Pasni (the Weaning Ceremony or the Rice Feeding Ceremony) is a Nepali celebration in which a child is fed rice or solid food for the first time. Although centuries old tradition, modern science has established the fact that child's digestive system is capable of processing solid food when they are approximately six months old which is why Pasni is held for when a baby turns six months old but it can vary between daughters and sons.

Celebration 
This ceremony is held at  five  months for daughters, and  six  months for sons. An auspicious date and time is chosen by an astrologer, usually a Hindu, and all the closest relatives are invited to witness and to celebrate. The rice is the first and easily digestible solid food a baby eats. This custom varies with the variation of religion, caste and also place. Gurung, Magar serve kheer (rice pudding) which is rice cooked with milk and sugar. Similarly, Brahmin and Kshatris also do same. Whereas myriads of dishes are prepared and served in Newar. The main rice dish is served in one giant (often woven) plate of leaves. The remaining dishes, typically 84, are served around the main dish.

The baby is dressed in saffron silk cloth (although modern families will often put a diaper (nappy) on, to minimize accidents.) The baby is held by baby's mother while  the entire family feed her or him the first taste of rice. It is the mother's right to feed the child first.
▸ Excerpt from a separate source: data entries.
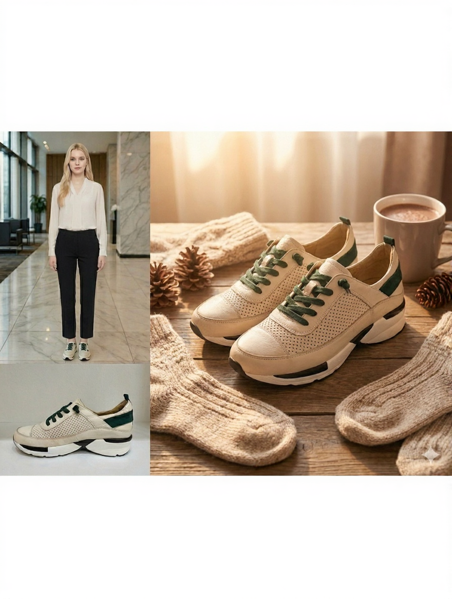 These stylish 7722 slip-on sneakers feature a sophisticated ivory base with contrasting green accents for a modern, athletic look. Designed with comfort and breathability in mind, the upper is crafted from high-quality cowhide leather with perforated details to ensure airflow. The sturdy, ergonomic sole provides excellent support for all-day wear, making them a perfect blend of casual elegance and functional performance.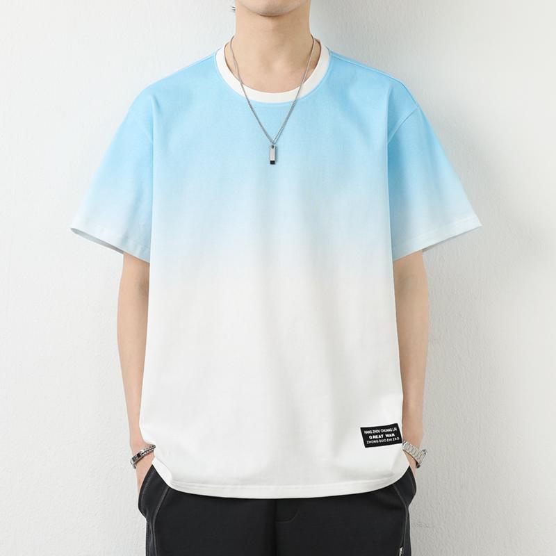 Men's Gradient Crew Neck T-Shirt - Casual Short Sleeve Top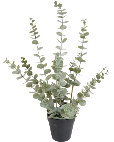 Een prachtige eucalypthus ca. H 57 cm x B 33 cm kunstplant inclusief zwarte pot zo om neer te zetten op iedere plaats in huis, of bedrijf.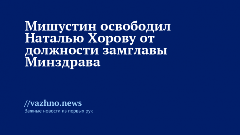 Премьер-министр Российской Федерации Михаил Мишустин подписал распоряжение, которым Наталья Хорова была освобождена от поста заместителя министра здравоохранения. Данный документ был опубликован 1 октября на официальном интернет-портале правовой информации.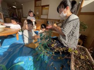 一つの種から始まり、子ども達の成長を見守りながらぐんぐん大きくなっていった朝顔さん。 姿を変えながら子どもたちの感性を育て、素敵な思い出として形に残りました。 大切に育て、花が咲いたことで慈しむ気持ちが育まれ、色や感触など様々なことを学び、楽しむことができました。出来上がったリースを見ながら楽しかったことをみんなで振り返ろうと思います。

This is because symbolically, after breastfeeding the child, she is asking the gods to bless the child who is now entering the world of other regular food. Musicians playing traditional music can be invited to start the function at the given auspicious time. After the baby has eaten, she or he will undergo another extensive puja (worship ceremony) often led by a priest and accompanied by chanting from ancient scriptures.

For the rest of the day, the baby is dressed in a special outfit, usually made of red velvet and embroidered with silver and golden thread. The child is offered with gifts, money by close relatives, and gold and silver ornaments by grandparents. These ornaments include heavy silver anklets (kalli) carved with dragon at both the ends to keep the bad omens away from baby. These ornaments can be handed on as heirlooms. In some Newari communities, it is also common for sons to have upper lobe of the right ear pierced with gold ornaments with different beads.

Modern practices 
Pasni ceremonies have become extensively lavish these days, with large parties of not just close relatives, but also colleagues and friends being invited for the event. The guests, numbering in their hundreds, partake in a wedding-style banquet under tents, which are often catered by commercial catering agencies. They also bring gifts for the child, a new custom that has become more popular with the commercial rise of clothes, toys and other gift items targeted towards children.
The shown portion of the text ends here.